Май 2005
Профессионалу разработчику
Майк Лехманн
Гарантируя целостность SOAP-сообщения
(Guarantee SOAP Message Integrity, By Mike Lehmann)
Источник: журнал Oracle Magazine, no.2, 2005,
http://www.oracle.com/technology/oramag/oracle/05-mar/o25web.html
Используйте цифровые подписи для проверки идентичности отправителя и обеспечения того, что сообщения останутся неизмененными
В моей предыдущей статье я представил WS-Security, спецификацию обеспечения безопасности Web-сервисов, и ее реализацию в сервере приложений Oracle Application Server 10g Release 10.1.3. Акцент был сделан на основах концептуальной модели WS-Security, в рамках которой безопасность, а именно аутентификация (authentication), была реализована в самом SOAP-сообщении, а не с повторным использованием механизма аутентификации протокола HTTP.

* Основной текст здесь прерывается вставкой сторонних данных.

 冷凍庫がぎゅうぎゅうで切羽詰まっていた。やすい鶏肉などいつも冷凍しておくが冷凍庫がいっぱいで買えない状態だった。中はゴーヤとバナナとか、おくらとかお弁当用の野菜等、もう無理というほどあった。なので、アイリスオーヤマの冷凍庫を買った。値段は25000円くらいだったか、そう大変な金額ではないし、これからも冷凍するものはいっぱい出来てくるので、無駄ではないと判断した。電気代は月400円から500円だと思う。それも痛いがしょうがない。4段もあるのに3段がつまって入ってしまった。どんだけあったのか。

В этой же статье акцент будет сделан на цифровые подписи в WS-Security, которые гарантируют получателю, что отправитель действительно отправил именно это сообщение и оно не было изменено по дороге.
Вы можете подумать, что для того, чтобы это гарантировать, нужно кодировать (encrypt) данное сообщение, но хотя кодирование может гарантировать конфиденциальность сообщения (уверенность, что никто не сможет его прочитать), оно само по себе не гарантирует целостности (уверенность, что сообщение не было изменено по дороге). Кроме того, кодирование не идентифицирует отправителя сообщения.

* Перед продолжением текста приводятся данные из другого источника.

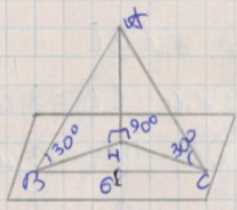 Угол между наклонной и её проекцией \( 30^\circ \): \( \cos 30^\circ = \frac{BH}{AB} \), то есть \( \frac{3\sqrt{2}}{AB} = \frac{\sqrt{3}}{2} \), отсюда \( AB = AC = \frac{3\sqrt{2} \cdot 2}{\sqrt{3}} = 2\sqrt{6} \).
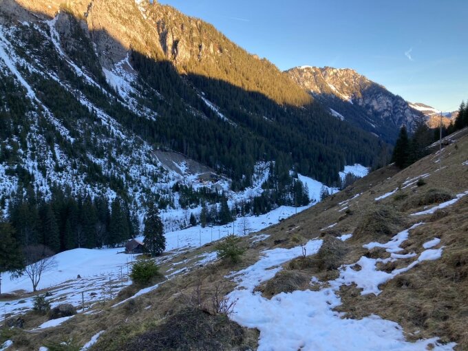 Unten beim Parkplatz nur noch wenig Schnee, die Ski mussten aber nicht getragen werden. Ab Nidegg dann durchgehende Schneedecke. Bei Aufbruch um 8.30 Uhr war es bereits 1.5 Grad warm.

Конфигурирование цифровой подписи на исходящем от отправителя сообщении требует использования простой, но мощной, техники на основе криптографии с использованием публичных ключей:
- Отправитель вычисляет “одностороннее” (one-way) хэш-значение (hash value) на основе содержания SOAP-сообщения, используя один из нескольких хорошо известных хэш-алгоритмов. Они называются “односторонними”, так как нет способа реконструировать содержание сообщения исходя из этого хэш-значения.
- Сообщение использует это хэш-значение вместе с криптографическим частным ключом отправителя для вычисления цифровой подписи.
- Приняв сообщение, получатель использует публичный ключ отправителя для вычисления c целью определения действительности (validity) подписи сообщения и извлечения хэш-значения. Такого рода вычисление с цифровой подписью, созданной с применением частного ключа отправителя, гарантирует определение идентичности отправителя.
- Применение того же самого алгоритма для определения хэш-значения на основе содержания сообщения удостоверяет, что это сообщение не было изменено по дороге к получателю.
Цифровые подписи
Среда выполнения (runtime) для WS-Security в сервере Oracle Application Server—часто называемая “трубопровод” (pipeline)—требует добавления токенов аутентификации (authentication tokens), когда сообщение отправляется от клиента, то есть оно снабжается цифровой подписью и затем само кодируется. Эта процедура выполняется в обратном порядке на стороне сервера.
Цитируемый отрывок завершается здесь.